Just like many subscription services, a victim would go online to the site and fill out their information, along with a numeric code or a code word/phrase that they could naturally integrate into their speech. Once they press “submit,” that information is then sent to police databases and the site spits out a phone number for victims to save into their phone.
It could be saved as “Dad,” “Aunt Mary,” or whatever else. When they’re ready- meaning, they’ve picked their kids up from school, or their bags are packed, or even without notice at all, when things begin to boil, victims call that number and — if they can’t speak — they dial that pin number, or they use that code word/phrase. That triggers a response from dispatch and police are sent to the location (or wherever the phone is), thus eliminating the need to tell the abuser you’re leaving until safely with police.
This system is unique and critical for a few reasons — if an abuser takes your phone mid-text, you’re texting “Aunt Mary” at a 352-365-XXXX/whatever number; the same is true if they check the call history.
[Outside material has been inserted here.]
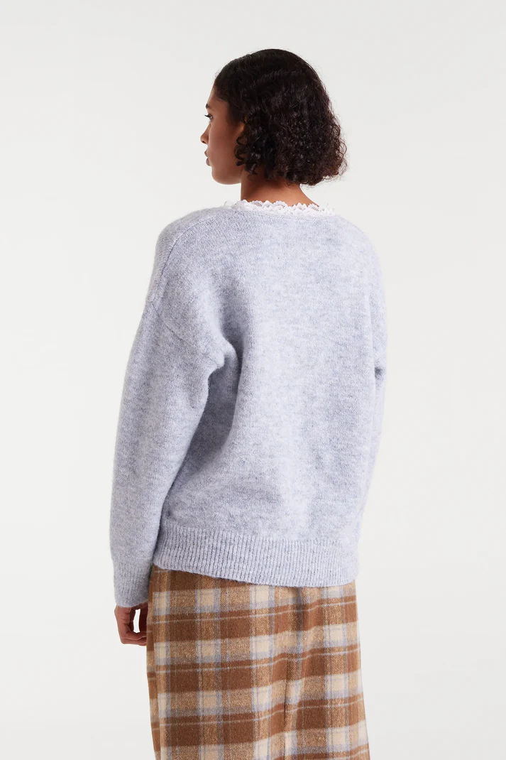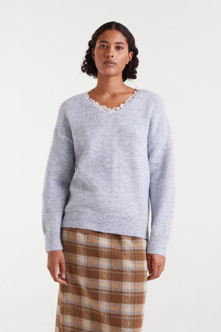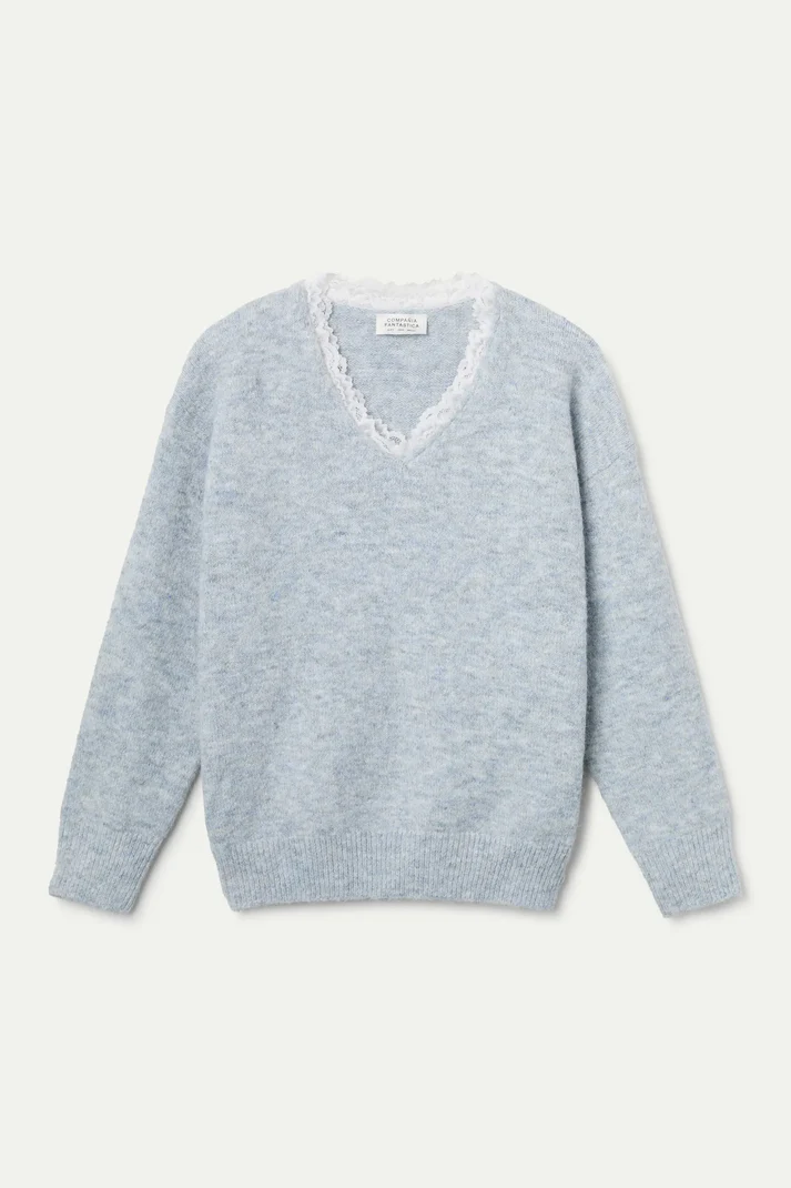 Jersey con tejido punto fino de la marca Compañía Fantástica, de color gris. Cuello pico con detalles de encaje en color blanco. Hombro ligeramente caído. Detalles en rib. La modelo mide 175 cm y lleva la talla S.

There’s an opportunity to prevent continual escalation if the abuser doesn’t see 911 dialed in. If everyone had one number to text or call, it would present the exact same dangers as calling or texting in to 911; the abuser would likely know the number and react accordingly. This system gives the gift of time and security until police can arrive, so victims don’t have to fight to leave like I did, and so abusers don’t have time to escalate and boil over like mine did.
This bill has been assigned to two sub-committees before going before one big committee, and we’re already underway in committee weeks. I hope that our legislators will see beyond just the words on paper and see in their minds stories like mine, see the faces of those that could be saved by this; imagine the relief of a victim who now knows there IS a way out, and the relief they would feel when they open the door to see safety just beyond the threshold.
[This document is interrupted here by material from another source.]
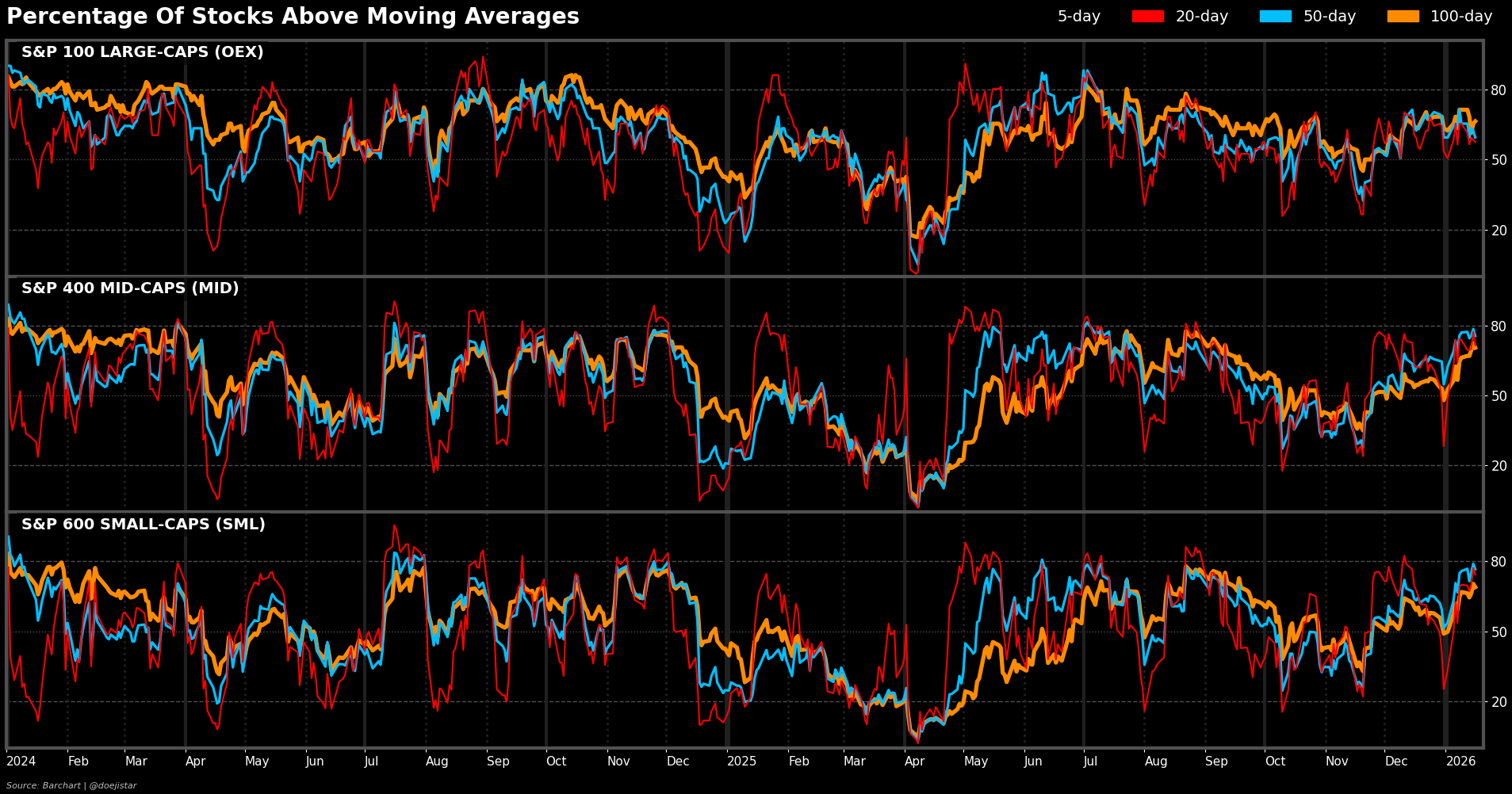 A strong majority of Mid & Small-cap stocks are trading above their 20, 50 and 100 day moving averages and are typically at risk of unwinding when approaching these levels; particularly when the 50-day series (blue) reaches the 80% threshold.

By ensuring accountability for dating violence and domestic violence, expanding the Address Confidentiality Program, and creating the site, I’m hopeful that we can begin a new conversation, a new path forward, a new chapter for survivors to embark on. We can make a powerful stand and statement that abuse will not be tolerated, and that we — as a society — are committed to providing safety and support to our neighbors and our constituents. This is a big bold step toward eliminating exit danger from victims of domestic violence, but I know it’s a step that we can take, and if we can save even one life by doing so — and potentially thousands- we have to take it.